→ Material for this exercise:

——————

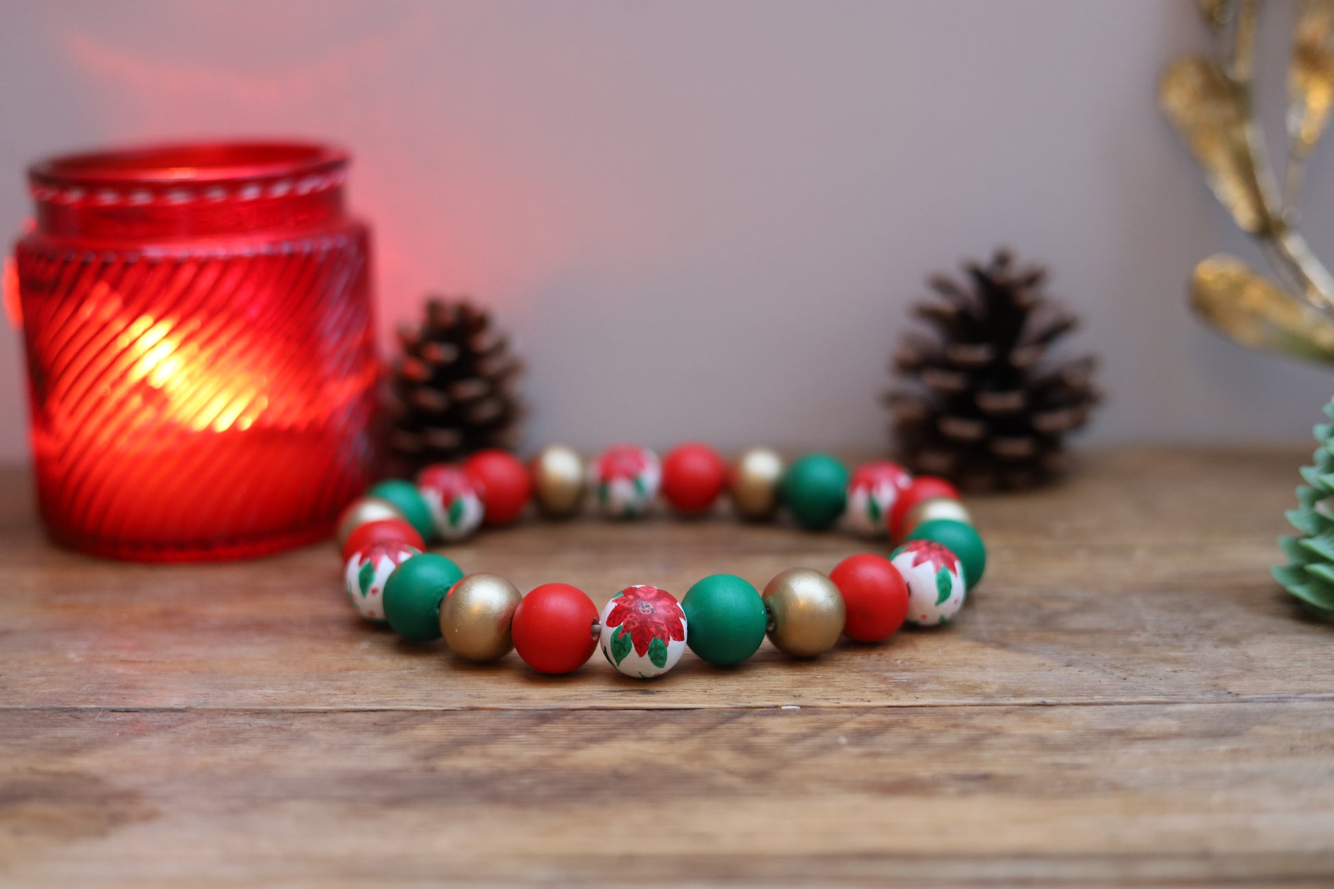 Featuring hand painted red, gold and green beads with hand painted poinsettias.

——————

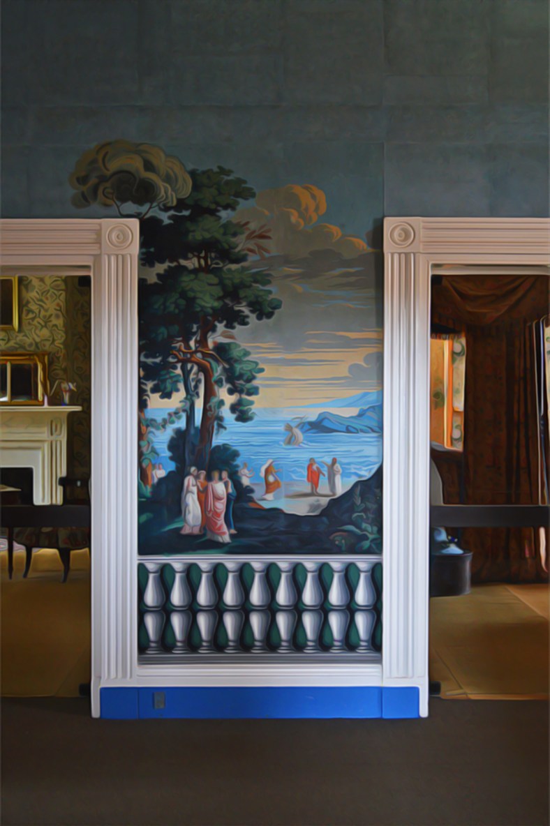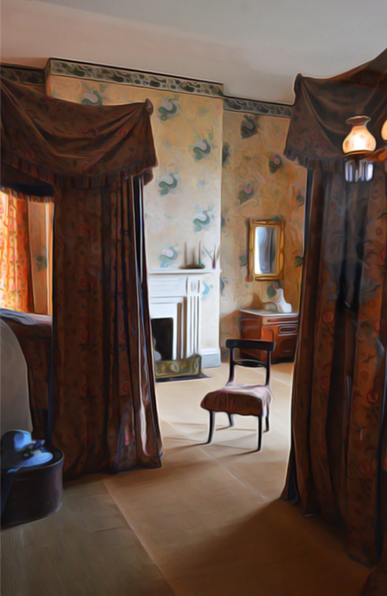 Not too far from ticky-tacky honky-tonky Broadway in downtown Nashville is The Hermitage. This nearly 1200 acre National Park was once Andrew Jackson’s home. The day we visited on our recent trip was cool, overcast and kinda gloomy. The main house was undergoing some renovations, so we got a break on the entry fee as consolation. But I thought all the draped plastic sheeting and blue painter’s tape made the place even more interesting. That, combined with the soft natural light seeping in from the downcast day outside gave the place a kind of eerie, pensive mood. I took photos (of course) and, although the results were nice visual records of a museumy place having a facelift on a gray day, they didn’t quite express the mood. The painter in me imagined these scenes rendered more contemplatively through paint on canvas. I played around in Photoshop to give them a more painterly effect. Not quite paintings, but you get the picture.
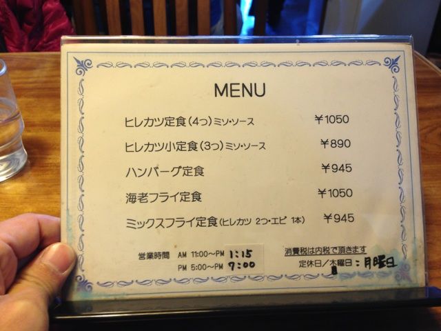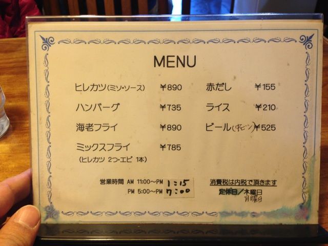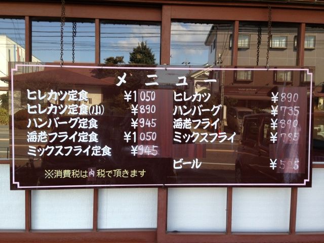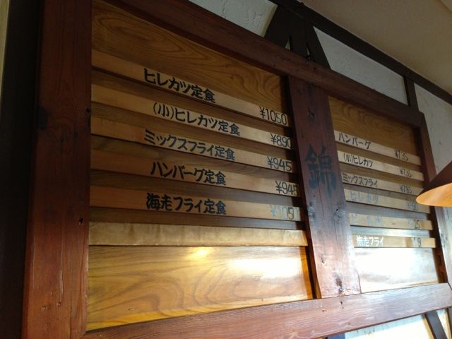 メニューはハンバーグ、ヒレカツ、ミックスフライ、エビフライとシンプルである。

——————

→ Work to complete: From the material above, reproduce only what runs from the line holding "Not too far" down to the line holding "メニューはハンバーグ、ヒレカツ、ミックスフライ、エビフライとシンプルである。", both included, pictures excluded.

→ Answer to this task:
 Not too far from ticky-tacky honky-tonky Broadway in downtown Nashville is The Hermitage. This nearly 1200 acre National Park was once Andrew Jackson’s home. The day we visited on our recent trip was cool, overcast and kinda gloomy. The main house was undergoing some renovations, so we got a break on the entry fee as consolation. But I thought all the draped plastic sheeting and blue painter’s tape made the place even more interesting. That, combined with the soft natural light seeping in from the downcast day outside gave the place a kind of eerie, pensive mood. I took photos (of course) and, although the results were nice visual records of a museumy place having a facelift on a gray day, they didn’t quite express the mood. The painter in me imagined these scenes rendered more contemplatively through paint on canvas. I played around in Photoshop to give them a more painterly effect. Not quite paintings, but you get the picture.
 メニューはハンバーグ、ヒレカツ、ミックスフライ、エビフライとシンプルである。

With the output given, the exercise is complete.